## What you should do
To complete this task, print all the data below exactly but leave out the images.

## Material provided
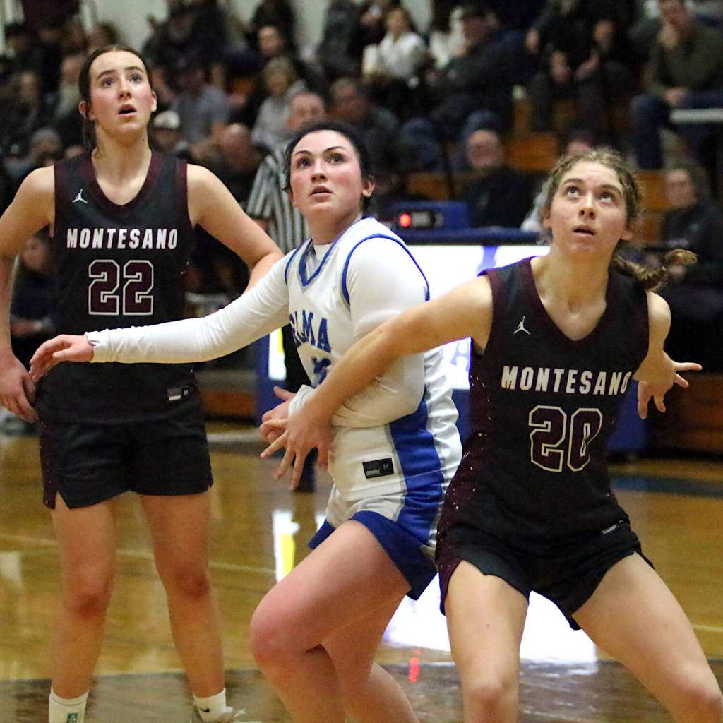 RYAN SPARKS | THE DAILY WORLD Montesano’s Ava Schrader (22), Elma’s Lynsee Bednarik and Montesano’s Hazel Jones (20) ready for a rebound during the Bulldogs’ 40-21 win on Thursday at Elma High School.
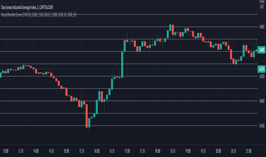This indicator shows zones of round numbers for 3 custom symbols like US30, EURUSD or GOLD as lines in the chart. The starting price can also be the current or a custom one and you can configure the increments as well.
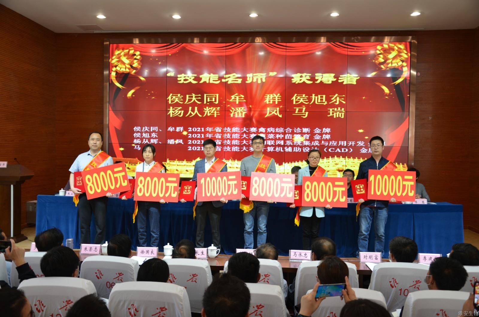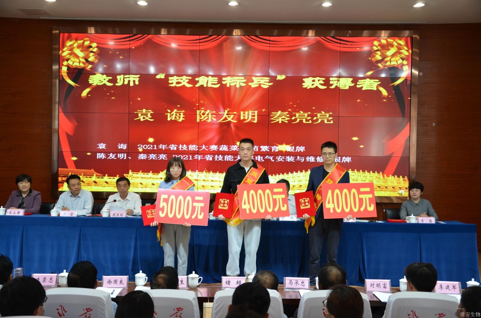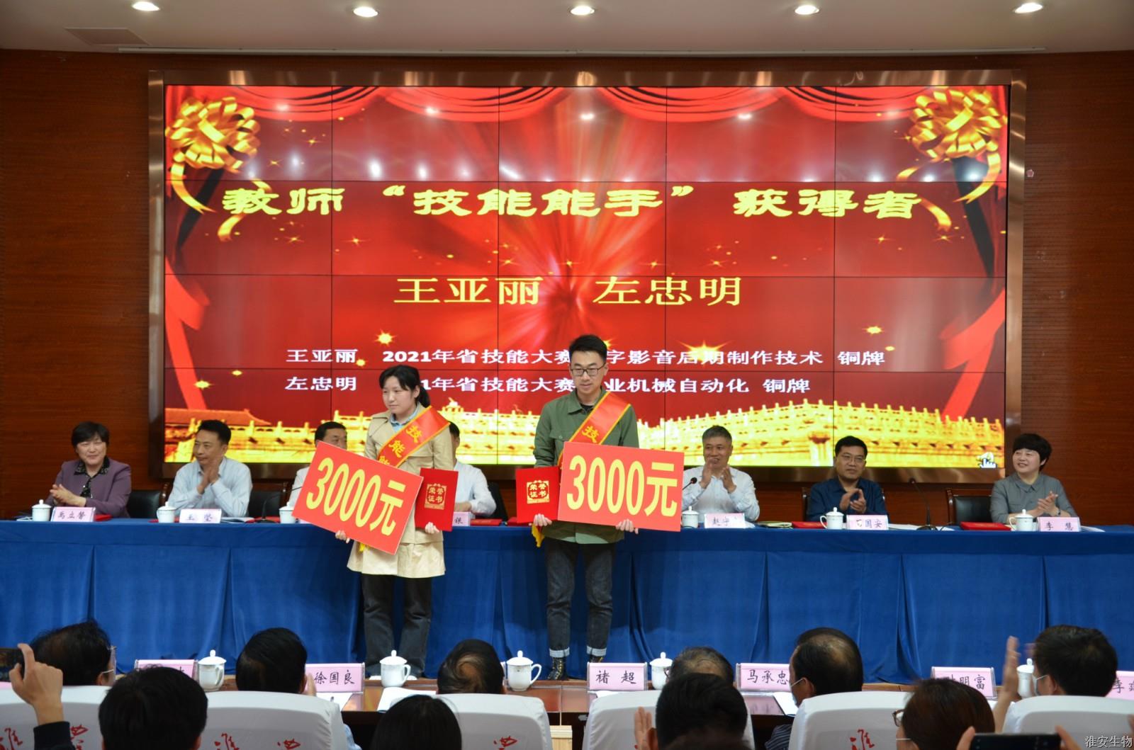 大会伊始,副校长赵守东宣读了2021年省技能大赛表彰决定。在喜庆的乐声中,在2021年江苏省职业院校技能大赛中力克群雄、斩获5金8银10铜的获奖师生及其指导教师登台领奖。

## Answer section
 RYAN SPARKS | THE DAILY WORLD Montesano’s Ava Schrader (22), Elma’s Lynsee Bednarik and Montesano’s Hazel Jones (20) ready for a rebound during the Bulldogs’ 40-21 win on Thursday at Elma High School.
This indicator shows zones of round numbers for 3 custom symbols like US30, EURUSD or GOLD as lines in the chart. The starting price can also be the current or a custom one and you can configure the increments as well.
 大会伊始,副校长赵守东宣读了2021年省技能大赛表彰决定。在喜庆的乐声中,在2021年江苏省职业院校技能大赛中力克群雄、斩获5金8银10铜的获奖师生及其指导教师登台领奖。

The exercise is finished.